Of course, it is a long way from granting limited constitutional rights to pregnant pigs to expanding coverage of the Bill of Rights to all animals. But it would definitely be a first step on the proverbial thousand-mile journey.
This is a fair characterization of the thinking of some animal-rights advocates (and of many bioethicists who do not go so far as to include animals in the sphere of personhood). But it is a far cry from accepting mental capacity as a criterion for moral personhood to imagining that writing animal rights into a state Constitution will establish animals as persons in the legal sense. Though this is a much-honored tactic of the anti-choice right wing, who have been feverishly writing fetal-protection statutes into the law wherever they can manage it, in the expectation that calling a fetus a person will make it a person, it is just as irrational in the case of fetuses as it is in the case of animals. The entire enterprise (if indeed this is what animal-rights activists are attempting to do, as Smith imagines) is logically backward: for “rights” for these entitities to make any sense, you must first demonstrate that they are moral persons; then you can talk about what legal status they ought to have. But merely imposing certain legal regulations on the treatment of a given entity does not make it a moral (or a legal) person. You can mandate legal protections for non-persons (and we do so all the time: flags, parklands, national monuments, dead bodies, etc.). You can demand “humane” or non-harmful treatment for non-persons as well, as again we do in many cases (pets, farm animals, etc.). But simply declaring that we think certain entities should be treated in certain ways does not mean we think those entities are persons. Even declaring that we think they should be treated in the way that they would have to be treated if they were in fact persons does not make them persons. (You can treat something as if it was a person even when it’s not one.) The claim that a given entity is a person is logically prior to the claim that the entity enjoys the rights of personhood by virtue of being a person, and nothing can change that.

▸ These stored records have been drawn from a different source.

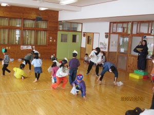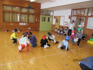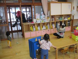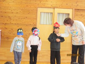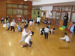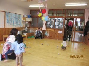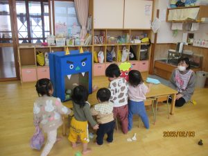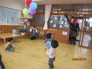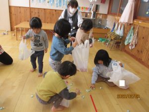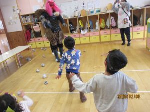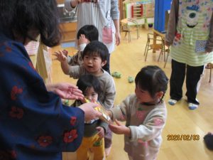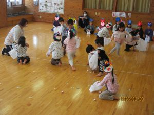 今年は久しぶりに福まきを行いましたよ。りす組さんは保育室、うさぎ・ぱんだ・ぞう組さんはホールで行いました。「おには~そと!ふくは~うち!」とみんなのかけ声から福まきスタートです。子ども達のあまりの素早さに写真もブレてしまいましたが…たくさん福を拾って子ども達はとっても嬉しそうでした。
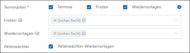 Wird kein Wiedervorlagen-Sachbearbeiter ausgewählt, werden alle Wiedervorlagen synchronisiert. Zusätzlich ist auch die Synchronisation der Aktenwächter-Wiedervorlagen möglich.
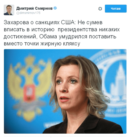 После введения санкций против России президентом США Бараком Обамой официальный представитель российского МИД Мария Захарова разразилась гневными заявлениями в адрес Белого дома; в свою очередь, соцсети высмеяли саму чиновницу.
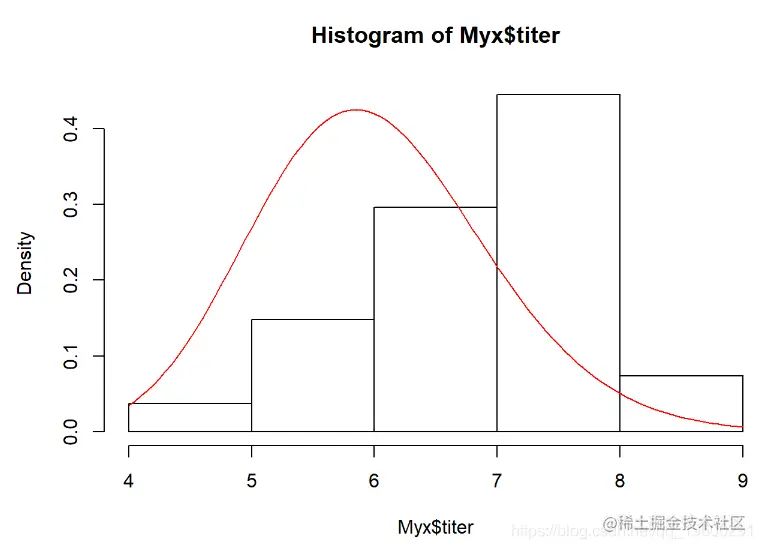 hist(Myx$titer,freq=FALSE)

Strangely, Smith seems to believe that legal constitutions must not contain anything that does not pertain to specifically human rights.
Granting animals constitutional rights would cheapen these charters. Indeed, it would undermine constitutions as exclusively establishing and protecting human rights.
But it’s clear that constitutions do much more than that. They establish the structures of government and the law, stipulate terms, powers, and privileges of offices, decree relations between the constitutional entity and other entities, declare and regulate the rights of subjects, and many other things. Democratic government may embody certain notions of human rights, but nothing about human rights is invoked in stipulating that a President shall serve for 4 years, or 6, or 7, or what have you. Whether the government includes a unicameral or bicameral legislature is of great political significance but has nothing to do with personhood and almost nothing to do with rights. Smith states that animal-protection is all right in the statutory laws, but takes on some sort of ominous moral significance if written into the constitution; this seems not only a distinction that makes very little moral difference, but one founded on a delusion about what a constitution is. And the fact that many US states use their constitutions as a kind of repository for laws passed by referendum (California’s state constitution is over 200 pages long and has been amended over 400 times), without trespassing on any grave moral concepts in doing so, makes it clear Smith is working from assumptions that have nothing to do with legal reality.